Lubell–Yamamoto–Meshalkin inequality

In combinatorial mathematics, the Lubell–Yamamoto–Meshalkin inequality, more commonly known as the LYM inequality, is an inequality on the sizes of sets in a Sperner family, proved by Bollobás (1965), Lubell (1966), Meshalkin (1963), and Yamamoto (1954). It is named for the initials of three of its discoverers. To include the initials of all four discoverers, it is sometimes referred to as the YBLM inequality.

This inequality belongs to the field of combinatorics of sets, and has many applications in combinatorics. In particular, it can be used to prove Sperner's theorem. Its name is also used for similar inequalities.

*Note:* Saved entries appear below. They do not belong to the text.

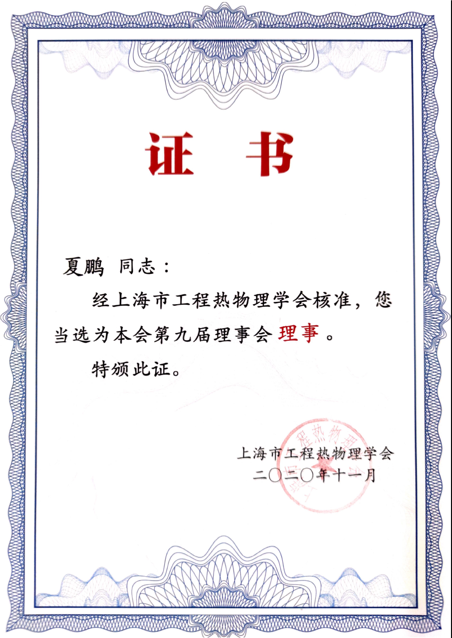 本次会议选举了新一届学会理事会和监事会,太阳成集团tyc33455cc姜小敏教授获聘荣誉理事,夏鹏副教授当选上海市工程热物理学会第九届理事会理事。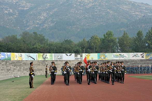 部队教官,学校有关部门、各二级学院负责人,新生辅导员,2018级新生参加典礼。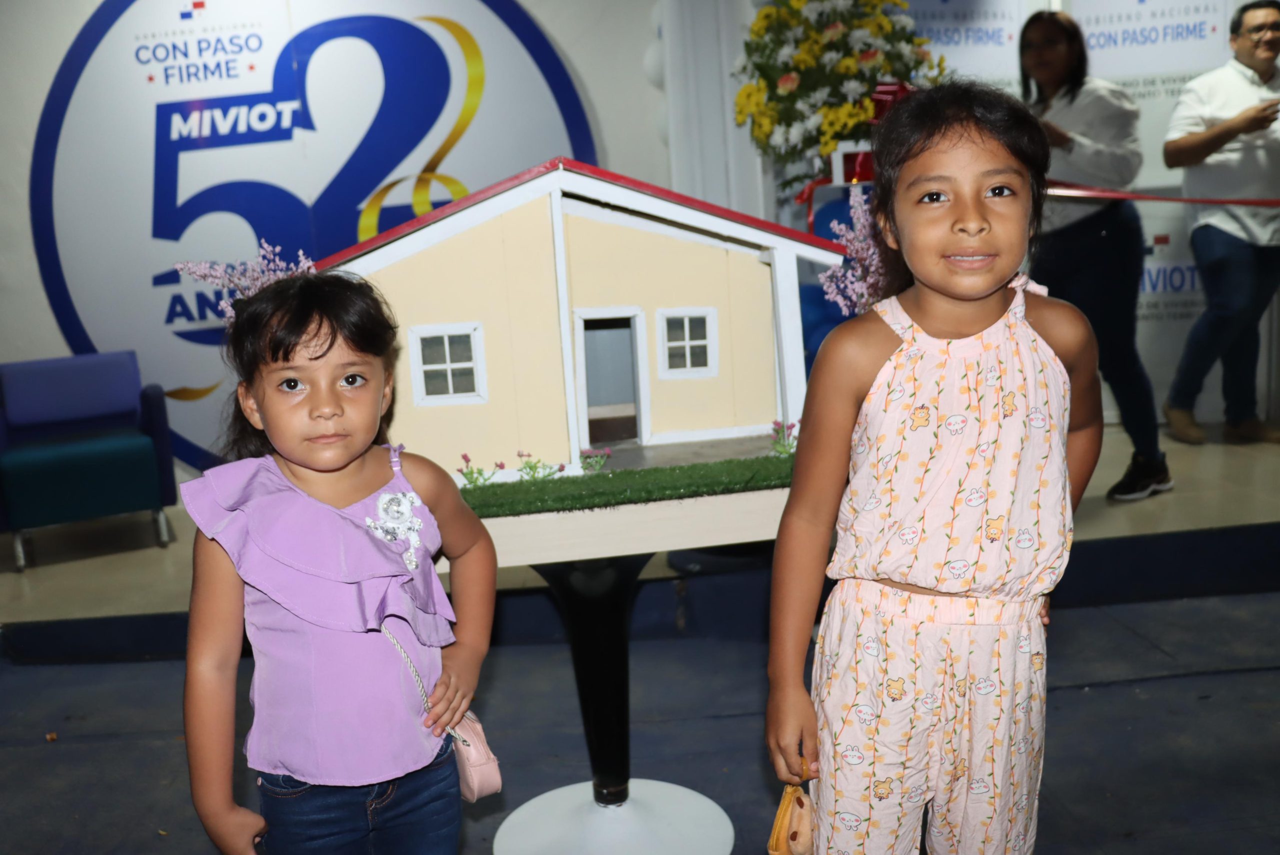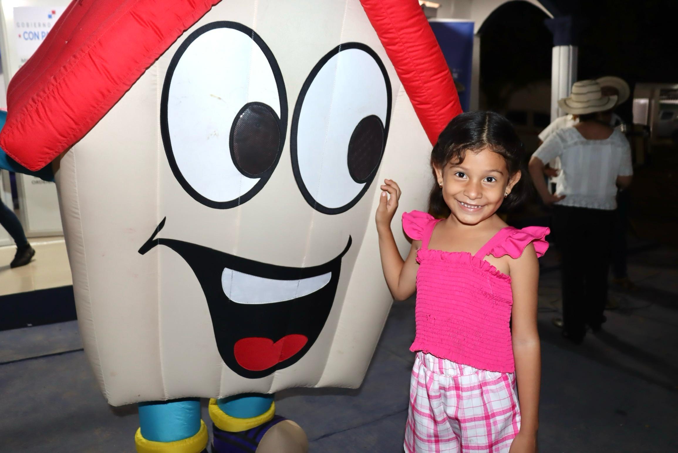 Adicional, los más pequeños pueden apreciar una réplica de vivienda, que gira sobre un soporte, para que conozcan en detalle la construcción de este tipo de obras de interés social.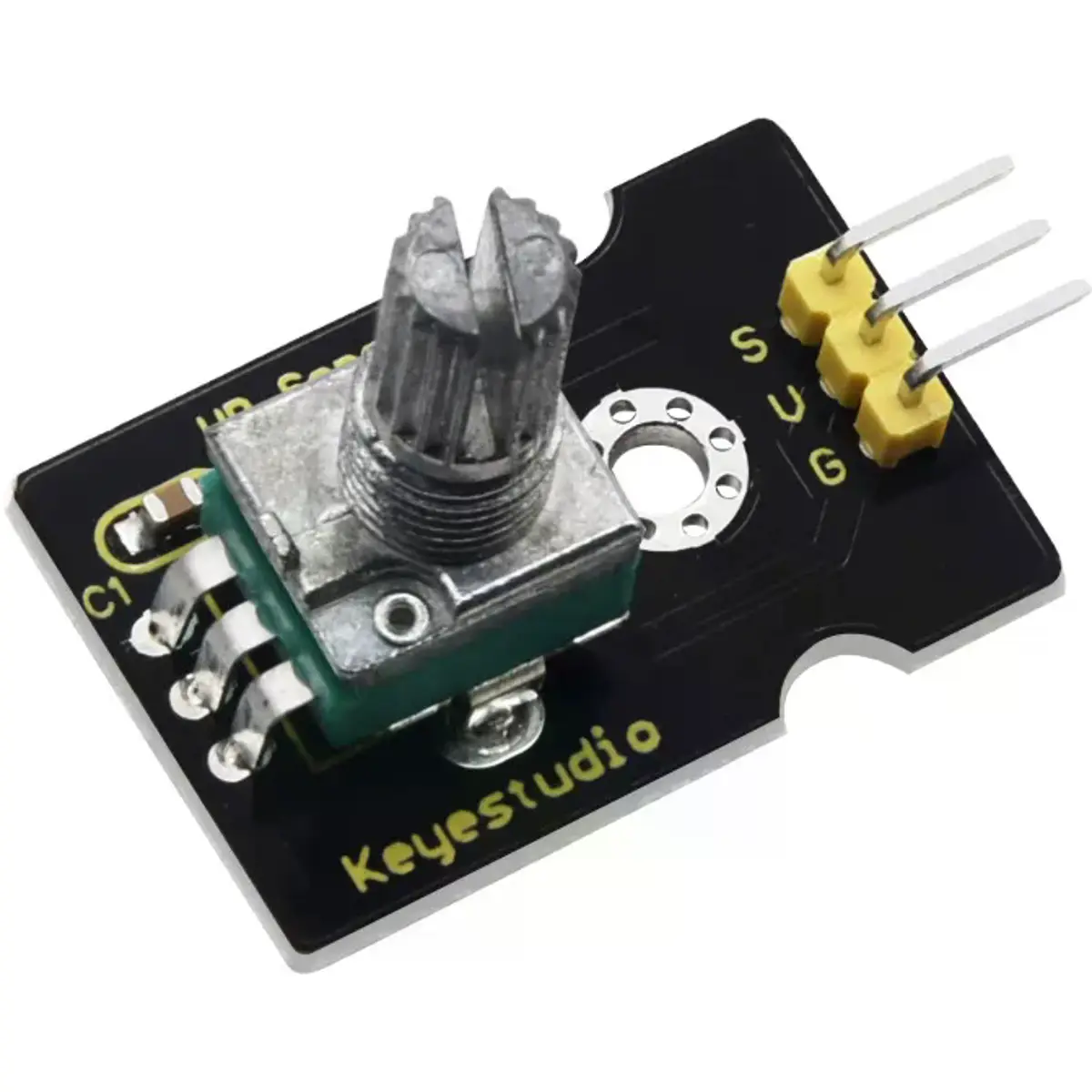 Este sensor de rotação analógico é totalmente compatível com o Arduino e baseado em um potenciômetro. A tensão de saída pode ser dividida em 1024 valores, facilitando a conexão com o Arduino através do nosso sensor shield. Combinado com outros sensores, é possível criar projetos interessantes ao ler o valor analógico a partir dos pinos de entrada/saída (IO).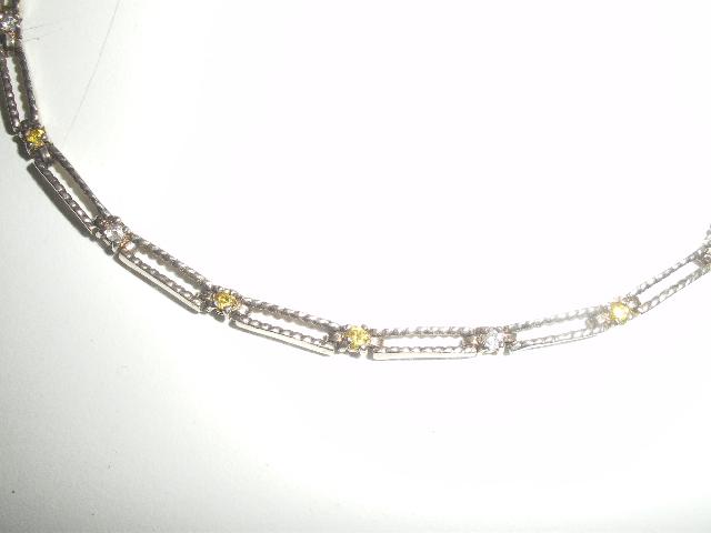 Sidabrinė grandinėlė su gelsvais ir baltais deimantukais.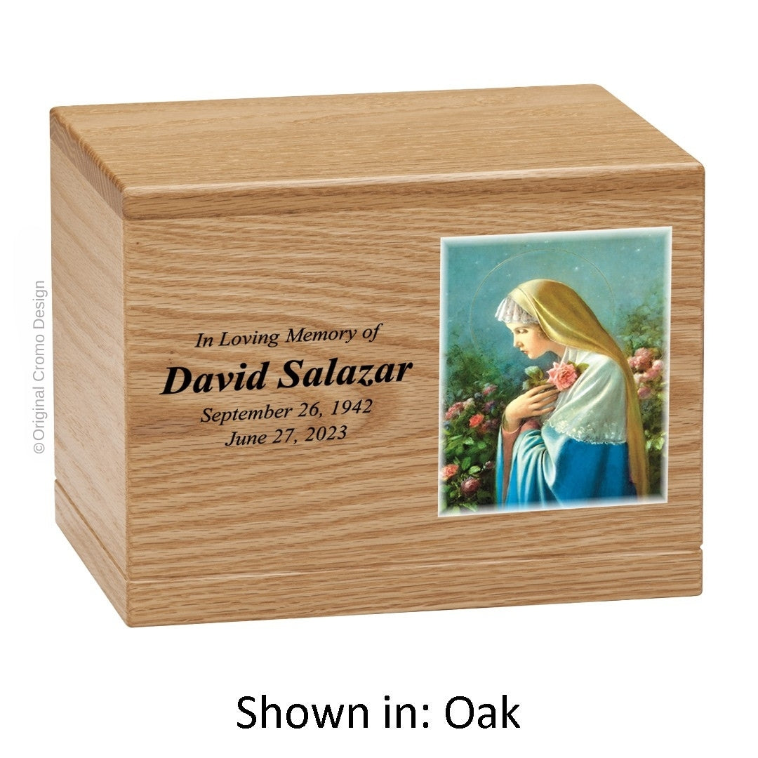 Individually handcrafted from Oak wood with a rich, warm finish, these urns emphasize the natural beauty of the wood while enhancing the texture of the raised image. This unique design creates a truly one-of-a-kind memorial.

Statement of the theorem[edit]

Let U be an n-element set, let A be a family of subsets of U such that no set in A is a subset of another set in A, and let a_k denote the number of sets of size k in A. Then

${\displaystyle \sum _{k=0}^{n}{\frac {a_{k}}{n \choose k}}\leq 1.}$

Lubell's proof[edit]

Lubell (1966) proves the Lubell–Yamamoto–Meshalkin inequality by a double counting argument in which he counts the permutations of U in two different ways. First, by counting all permutations of U identified with {1, …, n } directly, one finds that there are n! of them. But secondly, one can generate a permutation (i.e., an order) of the elements of U by selecting a set S in A and choosing a map that sends {1, … , |S | } to S. If |S | = k, the set S is associated in this way with k!(n − k)! permutations, and in each of them the image of the first k elements of U is exactly S. Each permutation may only be associated with a single set in A, for if two prefixes of a permutation both formed sets in A then one would be a subset of the other. Therefore, the number of permutations that can be generated by this procedure is

${\displaystyle \sum _{S\in A}|S|!(n-|S|)!=\sum _{k=0}^{n}a_{k}k!(n-k)!.}$

Since this number is at most the total number of all permutations,

${\displaystyle \sum _{k=0}^{n}a_{k}k!(n-k)!\leq n!.}$

Finally dividing the above inequality by n! leads to the result.

References[edit]

• Bollobás, B. (1965), "On generalized graphs", Acta Mathematica Academiae Scientiarum Hungaricae, 16 (3–4): 447–452, doi:10.1007/BF01904851, MR 0183653, S2CID 122892253.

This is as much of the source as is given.